And how was it flabbergasting to the people around her?

Heather Pearce Campbell  28:32

Meaning that she had the guts to do things her own way, like they were so surprised that she would come in and just basically not follow the rules. And the company ended up just allowing her because her results were so much better than everybody else. You know, and they didn’t have some of the systems that they really needed to support their clients and do certain things that she could spot. She could say this isn’t working. And here’s why I have to do it this other way. And I think sales is really disenfranchising to certain people that are trained a certain way told to do it a certain way. And, you know, there was one other gentleman I was talking with about sales one day, and he said, because of that you have a marketplace that believes it’s okay to lie to salespeople. And it gets back to this trust element that you talked about. I think especially if you come in with a certain approach, how many people are just trying to get off the phone? Oh, yeah, sure, sure. I’m interested in your thing, like, send me some follow up or whatever, and they have no interest. They are just trying to get out of that conversation. 

Chris Goegan  29:35

Right. 

Heather Pearce Campbell  29:36

Right? And so when you don’t come in, I think with the right values, the right approach, like you’re automatically adding to that distrust, and it just builds a barrier where somebody will do what it takes, even including lie to you, in order to get off the phone.

Chris Goegan  29:54

Mm hmm. Yeah, yeah, exactly. Exactly.

Heather Pearce Campbell  29:58

How do you – so I’m curious because you know, this guy that observed you and said, well, gosh, it just sounds like you’re talking to your buddies all day. How? How did you find a way to so quickly establish trust?

Chris Goegan  30:10

Questions. Mm hmm. Questions. You know, like, like, like, if you’re, and I always tell people, it’s like, if, if a friend is having problems with their marriage, and they want to talk to you about it, you’re sitting at Starbucks having a cup of coffee?
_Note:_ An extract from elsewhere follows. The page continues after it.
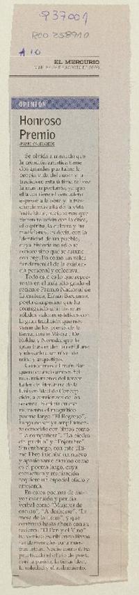 Honroso premio [artículo] / Jaime Valdivieso. El Mercurio (Diario : Santiago, Chile)-- ago. 26, 2008, p. A10. .

Like, are you going to tell them all the things you need to fix? Are you just gonna, like, start asking him questions like, you know, like, Well, okay, what’s, you know, what’s going on? You know, and then and then, you know, a lot of them talk and just just ask, just ask some questions. You know, okay, well, well, now, have you thought about this? Have you thought about that, you know, like, just gonna ask questions. Yeah. And, and so, when you take an interest in people, like, they, they trust you more, you know, like, and, and but you got to come in with a mindset of like, I truly want to help this person, right? And if I can’t help this person, then we shouldn’t work together. You know? Exactly, exactly. And so and so like, if you’re talking to somebody, or my business, I talked to somebody, you know, they want to, they want to grow and scale their business. Everyone says they want to grow and scale their business. Everyone that sells sub says, The I can help you grow and scale your businesses like blah, blah, blah, blah, blah. It’s just to me, it’s just like, Well, you know, what are your goals? You know, what do you like, what do you want to accomplish? You know, and so we just, we’ve got a series of questions. And it’s, um, people always just tell me, it’s like, like, I love Michael Gerber is like, something he said to me, and I popped up on the website, it says, like, if trust is important, you know, like, you know, talk to Chris, you know, and so to me, it’s like, you know, I only want to sell? Well, actually, it’s like, I think that we should work together. If you think I can help you, and I think I can help you. Yeah. If it is, then we should work together. If it’s not, we should, you know, so. So let’s talk about your talk about, you know, like, where you are talking about your goals, your dreams, your aspirations, what you want. Talk about your constraints, talk about the problems, you’re having talked about different things, you try and talk about what’s not working, talk about what you think the solutions are? And then, you know, we’re having a great conversation.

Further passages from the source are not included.